For the denominator, we compute:

$$\frac{6}{24} + \frac{1}{24} = \frac{7}{24}$$

Thus, the final probability simplifies to:

$$P(B|A) = \frac{6/24}{7/24} = \frac{6}{7}$$

This result indicates that the probability that the marble came from the left bag, given that it is red, is $\frac{6}{7}$. Understanding and applying Bayes' theorem in this manner allows for effective problem-solving in scenarios involving conditional probabilities.

Bayes' Theorem is a powerful tool for calculating conditional probabilities, particularly in scenarios involving medical testing. In this example, we explore how to determine the probability of having the flu given a positive test result.

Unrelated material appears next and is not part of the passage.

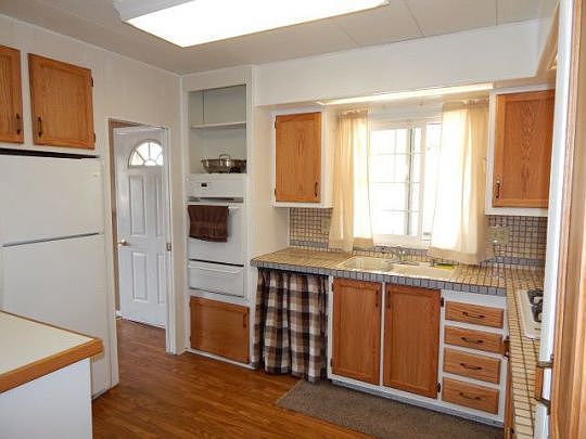 Move in Ready Home! Fantastic, completely updated 2 bedroom 2 bathroom mobile home. New paint, new flooring, new kitchen cabinets. New refrigerator, washer and dryer. New composition roof. Dual pane windows, covered front porch, convenient location with low maintenance.

At the peak of flu season, it is known that 10% of the population in a town contracts the flu. This probability can be denoted as:

$$P(B) = 0.1$$

where event B represents being sick with the flu. Consequently, the probability of not being sick, or the complement of event B, is:

$$P(B') = 1 - P(B) = 0.9$$

Next, we consider the test's accuracy. The probability of testing positive given that a person is sick (event A given event B) is:

$$P(A|B) = 0.95$$

Conversely, the probability of testing positive given that a person is not sick is:

$$P(A|B') = 0.01$$

To find the probability of being sick given a positive test result, we apply Bayes' Theorem, which is expressed as:

$$P(B|A) = \frac{P(A|B) \cdot P(B)}{P(A|B) \cdot P(B) + P(A|B') \cdot P(B')}$$

Substituting the known values into the formula, we calculate the numerator:

$$P(A|B) \cdot P(B) = 0.95 \cdot 0.1 = 0.095$$

For the denominator, we compute:

$$P(A|B) \cdot P(B) + P(A|B') \cdot P(B') = 0.095 + (0.01 \cdot 0.9) = 0.095 + 0.009 = 0.104$$

Now, we can find the conditional probability:

$$P(B|A) = \frac{0.095}{0.104} \approx 0.913$$

This result indicates that the probability of having the flu given a positive test result is approximately 91.3%. Thus, if someone tests positive, there is a high likelihood that they are indeed sick with the flu, demonstrating the effectiveness of the test in this context.